Exercise:
What you return should be every line below, word for word, and none of the images.
::: Data for processing :::
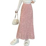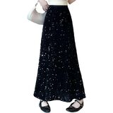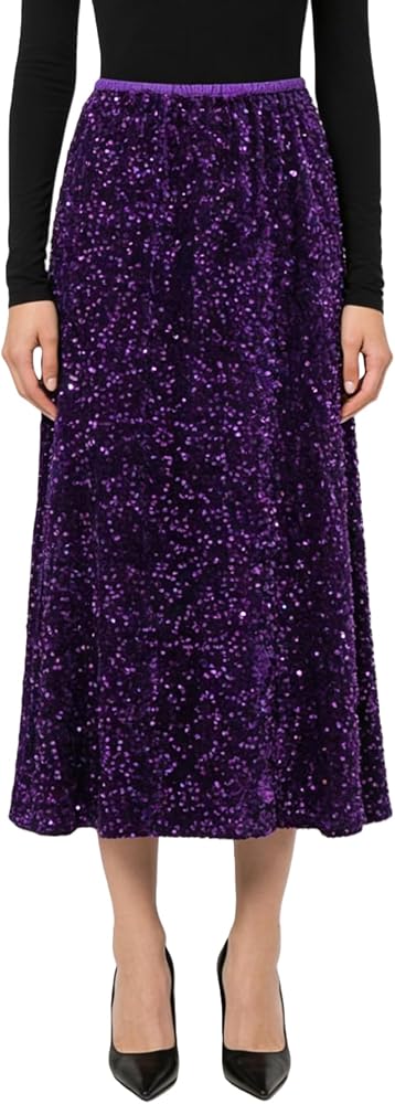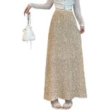ADWAXDA Sequin Maxi Skirt Elastic High Waist Long Sparkly Skirt, A-line Night Out Party Glitter Skirt
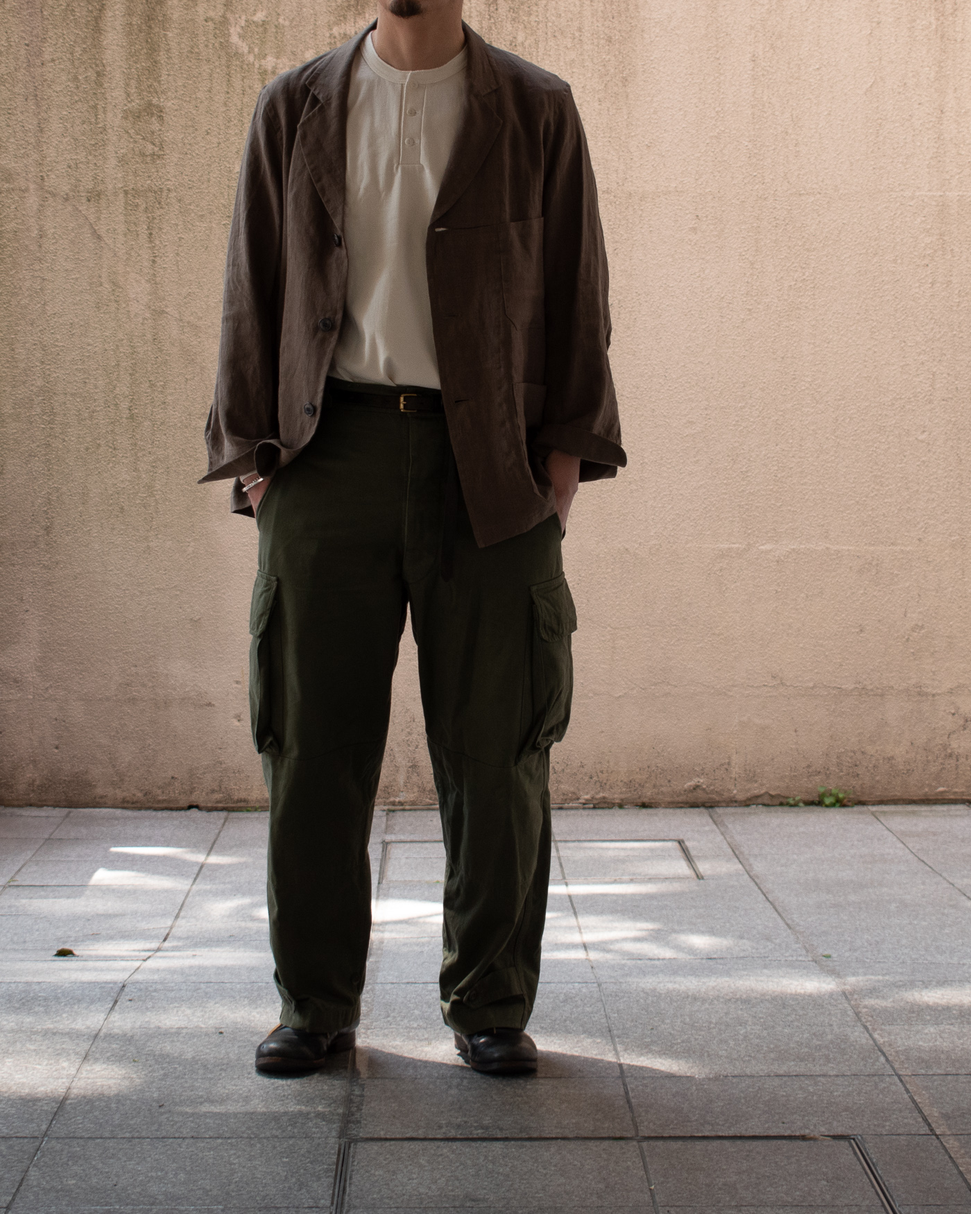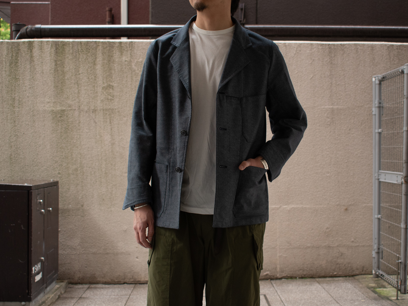 OLDMAN’S TAILORらしい、気品のある軍パンをセットアップで着るのも良いなあと思い、ジャケットの製作もお願いすることに。
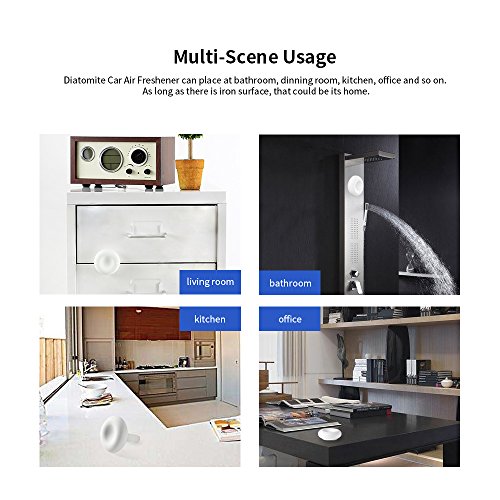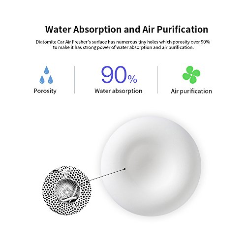 POWERFUL WATER ABSORPTION & AIR PURIFICATION - Diatomite Car Air Freshener’s surface has numerous tiny holes which porosity over 90% to make it has strong power of water absorption and air purification.
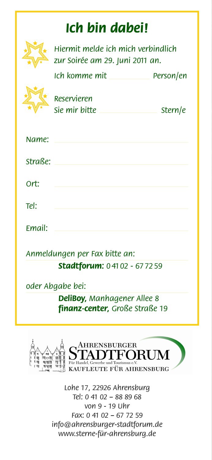 Gerne können Sie auch unser vorbereitetes Anmeldeformular nutzen. Bitte faxen Sie dieses an die Faxnummer 0 41 02 / 677 259 oder geben Sie das Formular einfach bei DeliBoy oder im finanz-center ab.
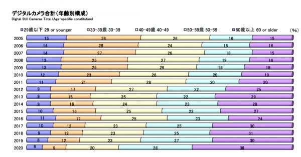 从购买者年龄构成来看,数码相机的购买人群大部分集中在30岁以上,年龄在29岁以下的购买者到了2020年已不足6%,而60岁以上的购买者比重则是扩大到38%。
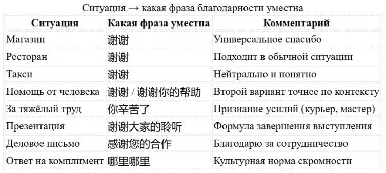 Говорить 谢谢 уместно почти в любых базовых бытовых ситуациях: в магазине, такси, ресторане, при получении помощи и в обычном разговоре. Это безопасный универсальный вариант для иностранца — довольно простые слова, которые работают практически везде.
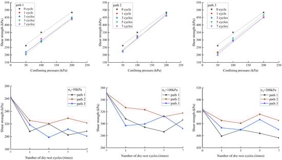 According to Figure 7, compared with the soil samples without wet–dry cycling, the soil’s shear strength following the wet–dry cycling of paths 1, 2, and 3 decreased by 7~22.7%, 1.6~15.8%, and 3.5~24.1%, respectively. Among them, the decrease in shear strength of soil samples under path 2 is the lowest, while the decrease in shear strength under paths 1 and 3 is close. While paths 1 and 3 have similar magnitudes of intensity decay, paths 1 and 3 have the same upper limit moisture content, different cyclic amplitudes, and similar strength attenuation. Path 2 has a small cycling amplitude and a lower upper and lower cycling limit for water content, with the smallest shear strength decay. Therefore, comparing the different cycling paths, it can be seen that a larger upper limit water content and cycling amplitude both lead to a higher degree of strength deterioration.
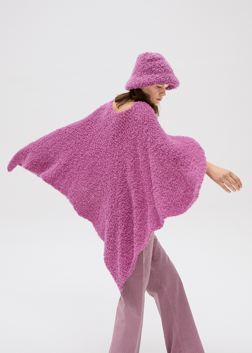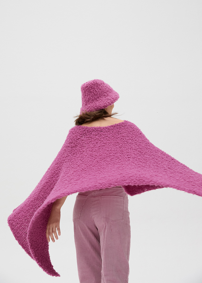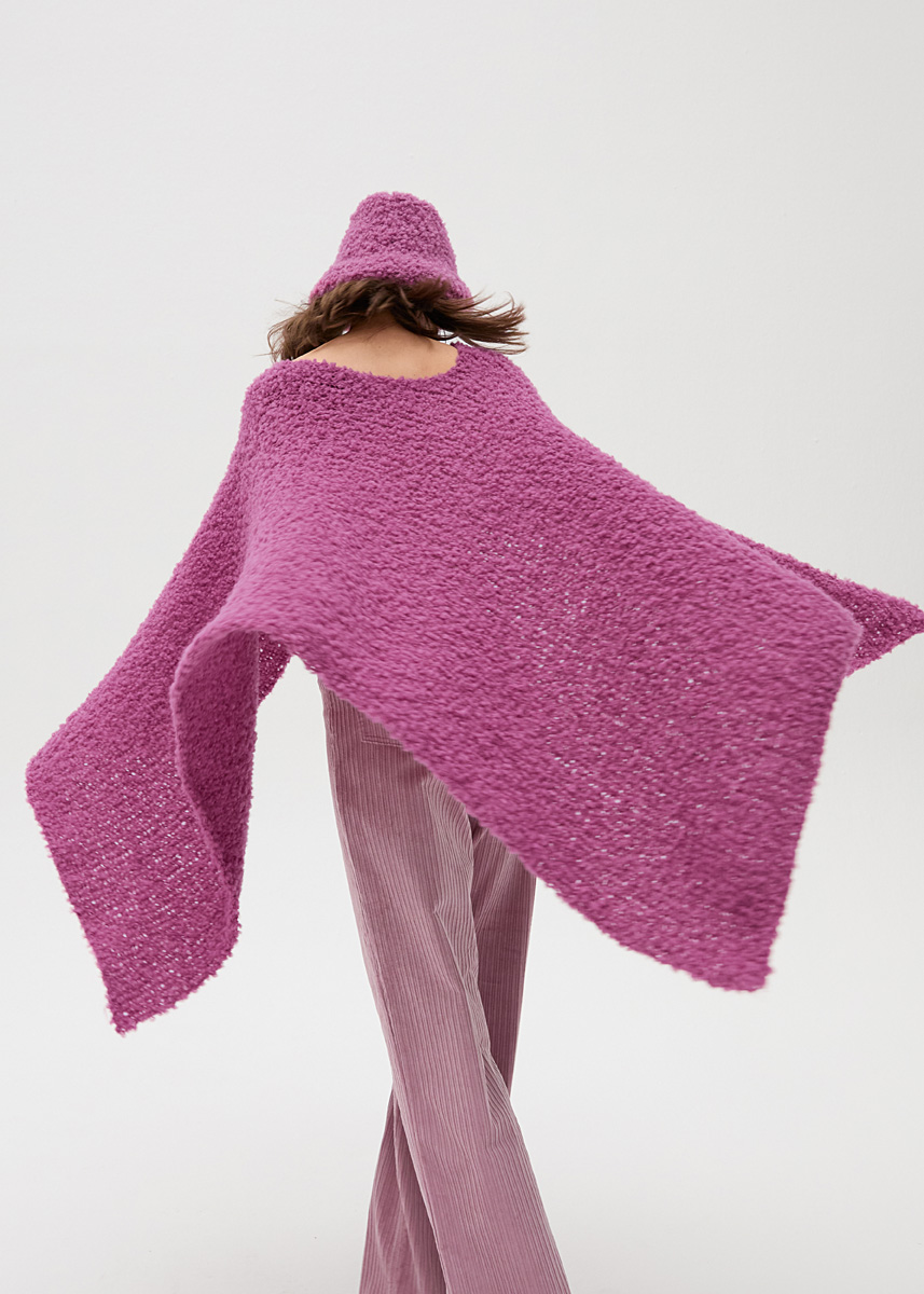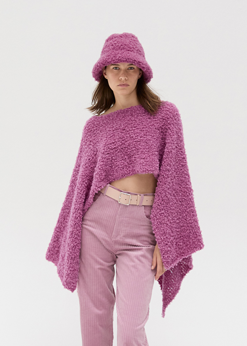 Lana Grossa ‘Orsetto’ (60% scheerwol (merino), 40% alpaca (superfijn), ca. 75 m/50 g): 400 g viooltjesroze (kl 4); breinld 7 mm
:::
Answer to this problem:
ADWAXDA Sequin Maxi Skirt Elastic High Waist Long Sparkly Skirt, A-line Night Out Party Glitter Skirt
 OLDMAN’S TAILORらしい、気品のある軍パンをセットアップで着るのも良いなあと思い、ジャケットの製作もお願いすることに。
 POWERFUL WATER ABSORPTION & AIR PURIFICATION - Diatomite Car Air Freshener’s surface has numerous tiny holes which porosity over 90% to make it has strong power of water absorption and air purification.
 Gerne können Sie auch unser vorbereitetes Anmeldeformular nutzen. Bitte faxen Sie dieses an die Faxnummer 0 41 02 / 677 259 oder geben Sie das Formular einfach bei DeliBoy oder im finanz-center ab.
 从购买者年龄构成来看,数码相机的购买人群大部分集中在30岁以上,年龄在29岁以下的购买者到了2020年已不足6%,而60岁以上的购买者比重则是扩大到38%。
 Говорить 谢谢 уместно почти в любых базовых бытовых ситуациях: в магазине, такси, ресторане, при получении помощи и в обычном разговоре. Это безопасный универсальный вариант для иностранца — довольно простые слова, которые работают практически везде.
 According to Figure 7, compared with the soil samples without wet–dry cycling, the soil’s shear strength following the wet–dry cycling of paths 1, 2, and 3 decreased by 7~22.7%, 1.6~15.8%, and 3.5~24.1%, respectively. Among them, the decrease in shear strength of soil samples under path 2 is the lowest, while the decrease in shear strength under paths 1 and 3 is close. While paths 1 and 3 have similar magnitudes of intensity decay, paths 1 and 3 have the same upper limit moisture content, different cyclic amplitudes, and similar strength attenuation. Path 2 has a small cycling amplitude and a lower upper and lower cycling limit for water content, with the smallest shear strength decay. Therefore, comparing the different cycling paths, it can be seen that a larger upper limit water content and cycling amplitude both lead to a higher degree of strength deterioration.
 Lana Grossa ‘Orsetto’ (60% scheerwol (merino), 40% alpaca (superfijn), ca. 75 m/50 g): 400 g viooltjesroze (kl 4); breinld 7 mm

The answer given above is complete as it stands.